Wednesday, December 10, 2008

Family - Random Emo Post

I was hanging out with one of my best friends Lolly today after a shopping spree. [Yay, I've finally gotten all the things I need for my dinner, yay me! ^_^] Her dad and mom picked us up and we went shopping for paint and cement because they're renovating their house right now. We went to TTDI Jaya and a pang of dull sorrow throbbed through me as I caught sight of my school. [TTDI Jaya will always be MY school, SSAAS is just THE school - Hehe...] Anyway, this post is not about how much I miss my alma mater so I shall continue on. I hung out at Lolly's place for a while because haven't been there for oh-so-long, that place is practically my second home. Today is her parents' anniversary and a florist delivered a basket of flowers to her mother just as we were getting down from the car. [Her dad was struggling with this 50kg packet of cement but the florist who is so thin and small sized and is 62 years old just carried it selambe only - what a dude!] So yeah, went in for some tea and I actually had a good time chatting and laughing with them, I always do. I didn't realize that I was subconsciously disturbed until I reached home.

Basically, I started thinking about my own family. I admit it, I'm jealous. But not in a oh-I-want-to-wreak-havoc-on-you type of way, more of a I-want-it-too type of way. Her family is so normal and together and happy and her parents are so loving towards each other. It just made the fact that distance separates mine even more apparent. My parents are not divorced or anything, don't get me wrong. It's just that I moved here when I was in Standard Four for certain reasons and my dad stayed back in Terengganu to work. Things have just been like that ever since. Getting to see my dad is like a privilege not often to be had. But when I do see him, it's definitely one of the happiest moments of my life. Not that I'm not happy when I'm with my mom, she's awesome. Having both of them together at the same time is a phenomenal feeling.

Sometimes I wonder, if my dad was here with me all the time, maybe I wouldn't have turned out to be a juvenile delinquent when I was in secondary school. Maybe I would have been a better person, a more worthy person. It keeps bugging me, wondering what could have been. Family occasions are never complete, there's always something missing.

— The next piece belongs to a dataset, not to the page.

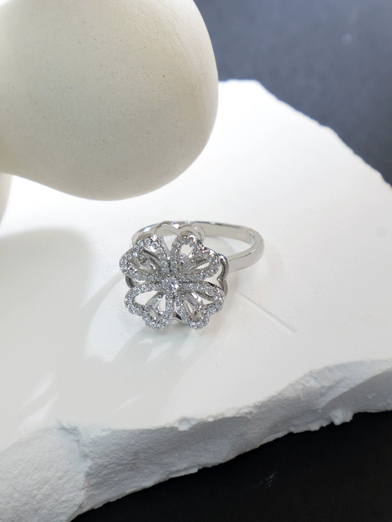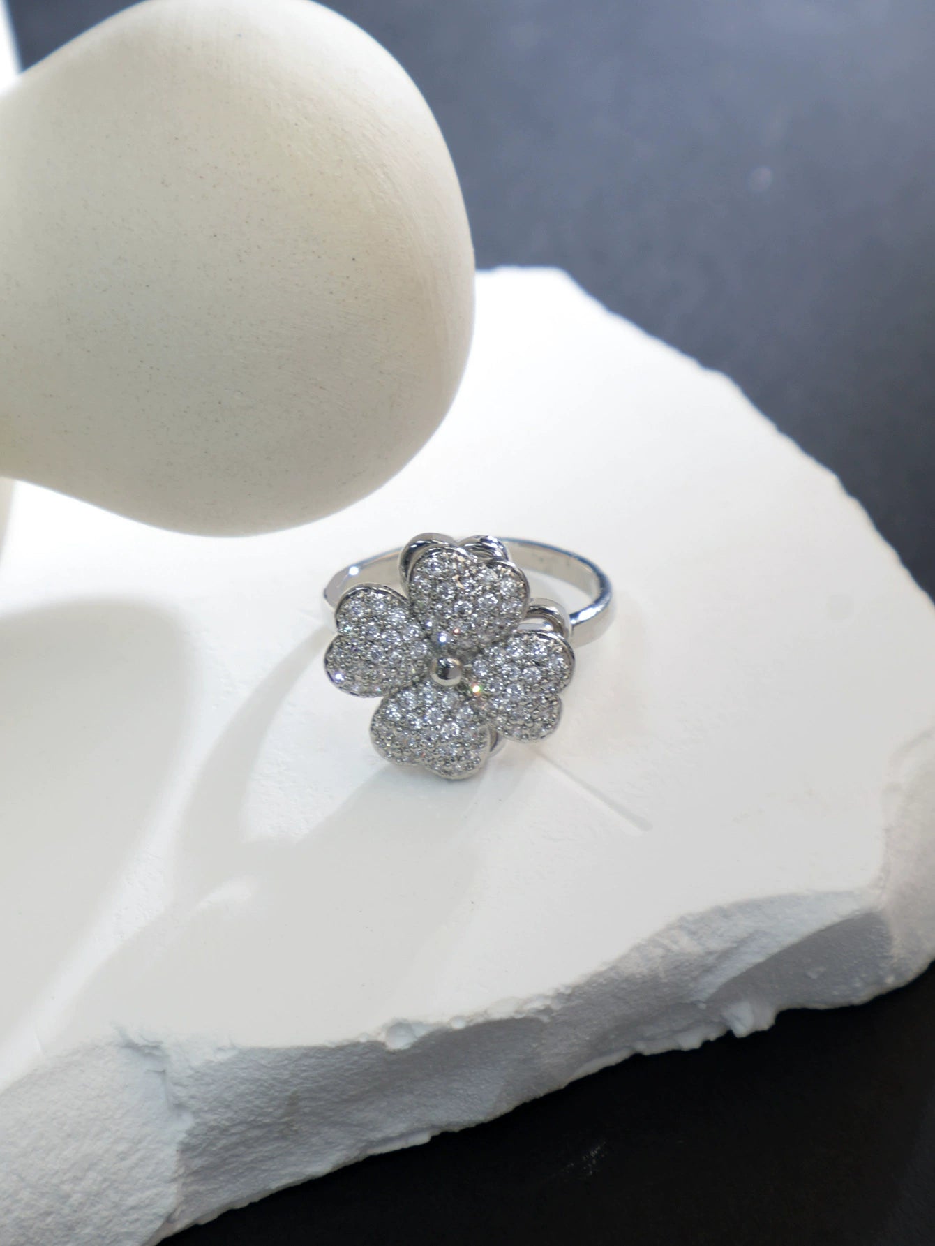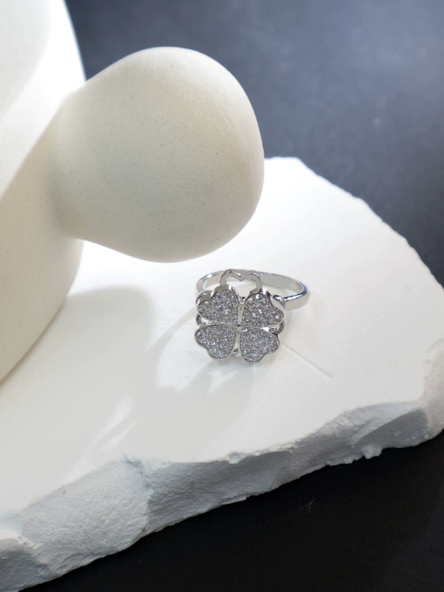 Women's Copper Lucky Fourleaf Clover Fashion Rotating Adjustable Light Luxury Ring Real Gold Plated Nonfading

Maybe that's one of the reasons I love Terengganu so much, partially because of the beautiful white beaches, the scrumptious keropok lekor, the beautiful star-filled sky at night but mostly because my dad is there. Terengganu is the only place where I can ever feel like I belong in a family, it's the place where I feel happy and normal for once. Although I don't like it for a variety of reasons such as my allergy to dog hair kicks up when I'm there, it's eff-ing boring there, freaking hot or rainy most of the time, the shopping mall there is worse than PKNS, Streamyx sucks even more there etc. However, I'll endure it - no big deal.

My sister and mom left for Terengganu today, I'll be leaving myself in four days time but right now, I feel so lonely without my sister cracking lame jokes beside me. So unfair! They get to go before me... T_T
Sometimes I wonder what my dad feels, living there alone with those three humongous dogs to keep him company [Dusky, Ranger and X'Ter the 2nd]. He calls us every night through video call for about half an hour and we joke and laugh and all that. But at the same time, it's just his voice and face I'm seeing. I can't whack his round tummy or play with his balding hair [hopefully technology advances far enough to be able to allow contact through phones - right].

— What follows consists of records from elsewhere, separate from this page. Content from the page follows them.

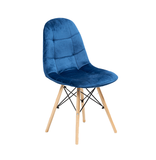 Indiglo Dining Chair with Blue Velvet and Wooden Leg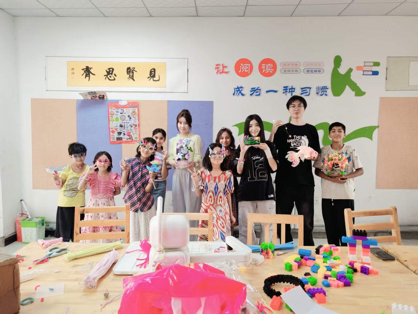 亚喀艾日克乡阔什吐格曼(6)村工作队开展“笔绘梅竹承古韵,手筑积木启新思”“艺织扭花传古韵,舞绽华风拓新程”中华传统文化特色小课堂,组织孩子们学画国画、搭积木、下象棋,制作扭扭花、编练舞蹈,指导青少年感受书法艺术蕴含的深厚文化底蕴。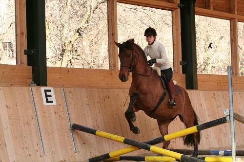 Obr. 12: Isabellin hnědák je bývalý parkurový kůň a s takovou řadou nemá nejmenší problém.Po novém roce se má na Marienhofu konat další čtyřdenní kurz a já pomalu začnu procvičovat svoji pravačku, aby zvládla pořizovat poznámky aspoň v dosavadním rozsahu.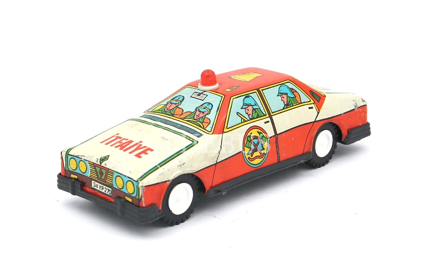 Türk malı, Gürel, kutusunda, kırmızı tepe lambalı , teneke tfaiye arabası, 7x18x6 cm

Well, I guess I'm feeling better now that I've blogged about it. I'm finally able to be honest with myself and let it all go. No more pretending to be okay and faking for me, I'm sick of that. Thankfully it won't be long before I join them at Terengganu, yay me! ^_^

P.S. Please do appreciate your family, no matter how annoying or pesky some of them may be. Life is short [cliche] so if you don't start appreciating them now, when will you?

P.P.S Owh gosh, look at me - I've turned into an emo-freak! Giving out advice on family bonds and ties kononnya. Okay okay back to normal already. Toodles!